Stored items
^^^^

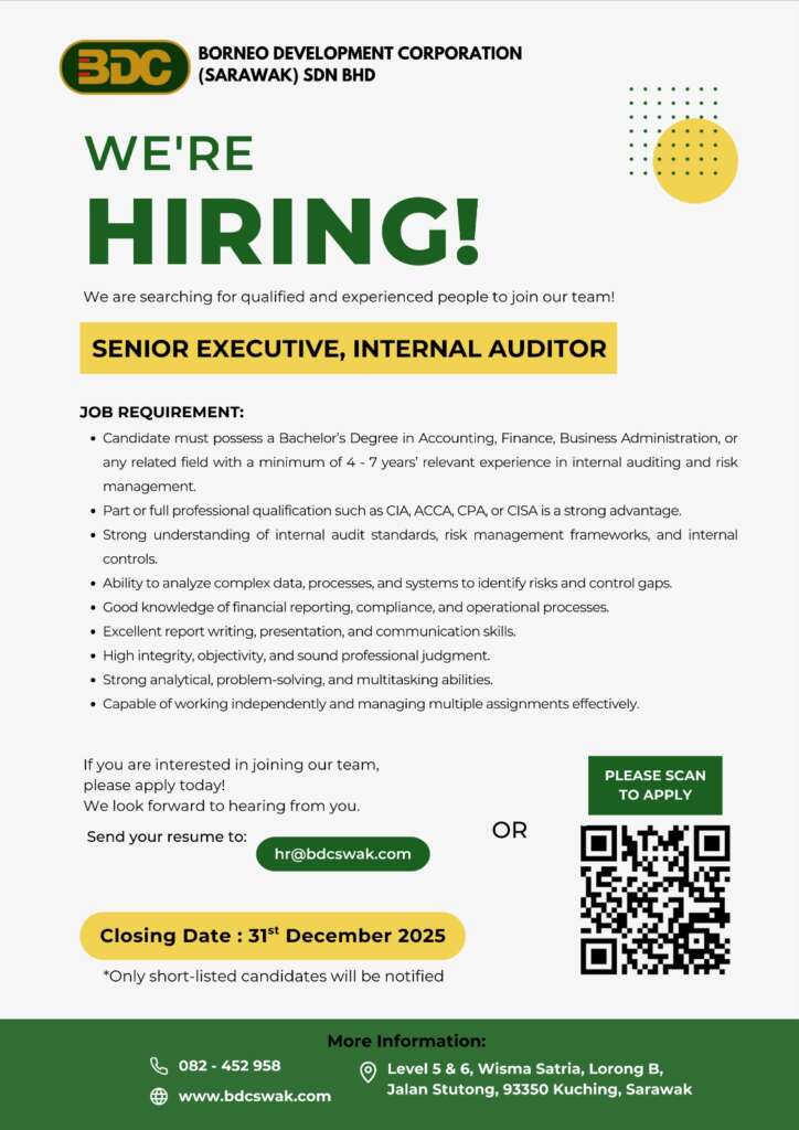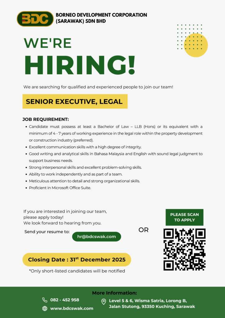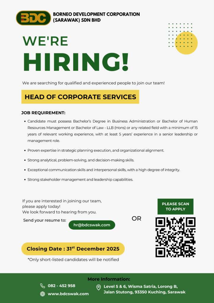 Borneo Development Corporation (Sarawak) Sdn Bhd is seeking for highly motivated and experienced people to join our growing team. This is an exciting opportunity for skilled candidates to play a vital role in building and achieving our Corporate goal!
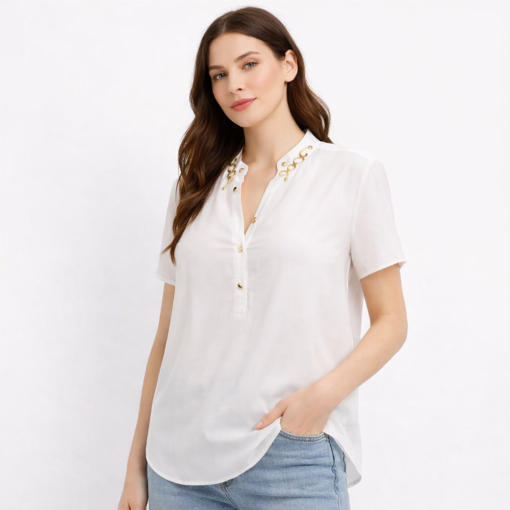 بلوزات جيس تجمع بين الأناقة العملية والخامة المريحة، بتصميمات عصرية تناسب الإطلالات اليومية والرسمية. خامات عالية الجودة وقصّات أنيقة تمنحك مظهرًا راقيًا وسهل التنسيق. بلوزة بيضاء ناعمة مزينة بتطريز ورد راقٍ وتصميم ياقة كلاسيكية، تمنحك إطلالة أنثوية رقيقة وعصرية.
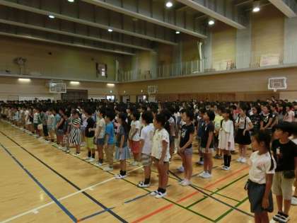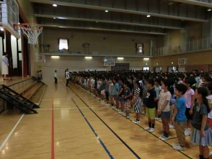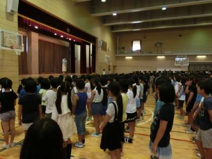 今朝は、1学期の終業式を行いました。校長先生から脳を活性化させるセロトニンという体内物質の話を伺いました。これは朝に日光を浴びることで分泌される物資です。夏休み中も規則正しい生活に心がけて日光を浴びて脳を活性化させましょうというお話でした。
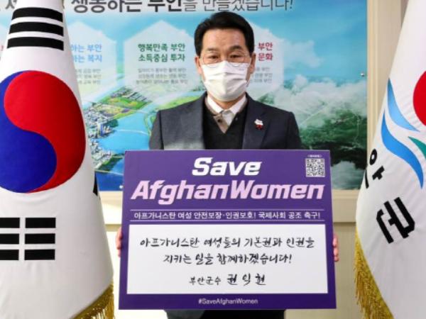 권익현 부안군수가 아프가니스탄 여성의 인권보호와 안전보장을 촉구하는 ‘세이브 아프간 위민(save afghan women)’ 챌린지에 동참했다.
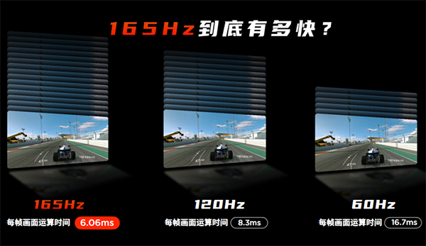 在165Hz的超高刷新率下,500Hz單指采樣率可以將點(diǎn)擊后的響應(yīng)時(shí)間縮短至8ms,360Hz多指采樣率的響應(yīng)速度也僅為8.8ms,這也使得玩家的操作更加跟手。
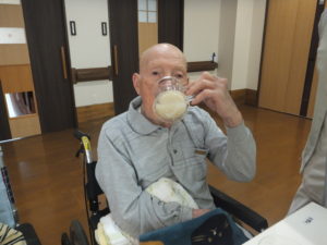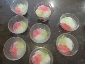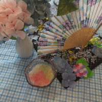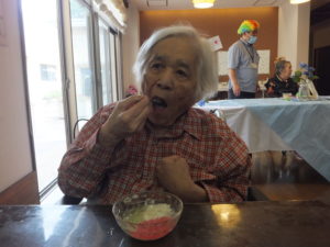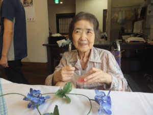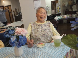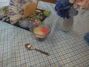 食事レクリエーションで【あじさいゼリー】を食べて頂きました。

^^^^

-- EXERCISE REQUIREMENTS --
Beginning with the line containing "권익현 부안군수가 아프가니스탄" and ending with the last line of the data above, repeat each line exactly. Include no pictures and no other lines.

-- EXERCISE RESULT --
 권익현 부안군수가 아프가니스탄 여성의 인권보호와 안전보장을 촉구하는 ‘세이브 아프간 위민(save afghan women)’ 챌린지에 동참했다.
 在165Hz的超高刷新率下,500Hz單指采樣率可以將點(diǎn)擊后的響應(yīng)時(shí)間縮短至8ms,360Hz多指采樣率的響應(yīng)速度也僅為8.8ms,這也使得玩家的操作更加跟手。
 食事レクリエーションで【あじさいゼリー】を食べて頂きました。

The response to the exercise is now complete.